The next day, a broken down old ‘ deux chevaux ’ pulls up on the chemin de halage beside the boat. I’d camped, somewhat chillily, on la berge overnight. The man who climbs out of this car is in his sixties and about five feet tall. He’s wearing French workmen’s blues, filthy, stiff with oil and sweat, and a mariner’s cap, also filthy.

He shakes my hand, jabbers away, smiles, then pulls down a plank from the top of his car. He slides down the steep riverbank and throws the plank out across the water, between the land and the projecting bit of boat roof. I’m convinced he’s going to sink the whole business, but he walks like an acrobat, muttering to himself, out on that board. After looking down all sides of the boat, seeing I can’t imagine what, except dirty, black water, he comes back to me and, in a complex mixture of Breton, French, my broken French and his violent pantomime, I come to know he thinks he can raise the boat for two thousand francs (at that time about four hundred dollars).

This represents the amount we still owe on the boat and were hoping to pay off in September. I actually have it in my pocket in one-hundred-franc bills, twenty of them, plus some change. At the moment, it represents virtually our total capital.
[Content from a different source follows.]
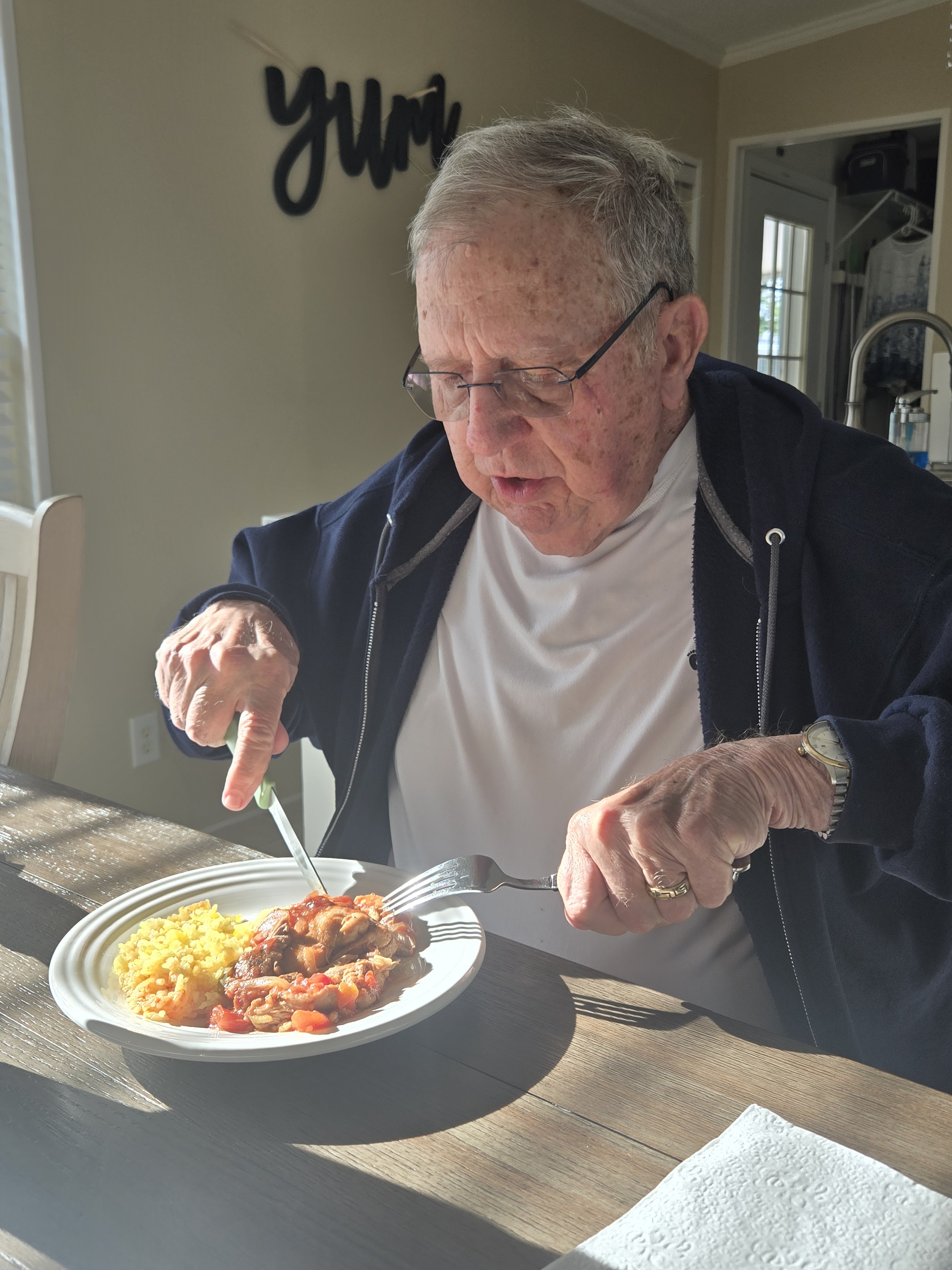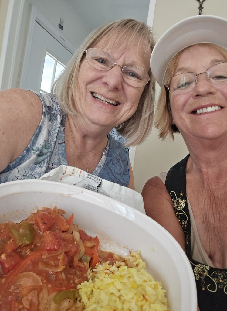 Here comes Lori with her beautiful casserole of chicken and yellow rice that she prepared, and I am so happy and excited. It smelled so good and looked amazing.

In French and in pantomime again, he tells me he will wrap the boat with a large cloth, then pump the water out so the boat can come to the surface and we can see what’s wrong. It sounds crazy. However, he insists that before he can put the pumps in the boat to pump out the water, I must go down inside and remove anything floating in there. If I don’t, they’ll jam his pumps.

With this advice, he leaves, promising he’ll be back in three days to commence the rescue operation.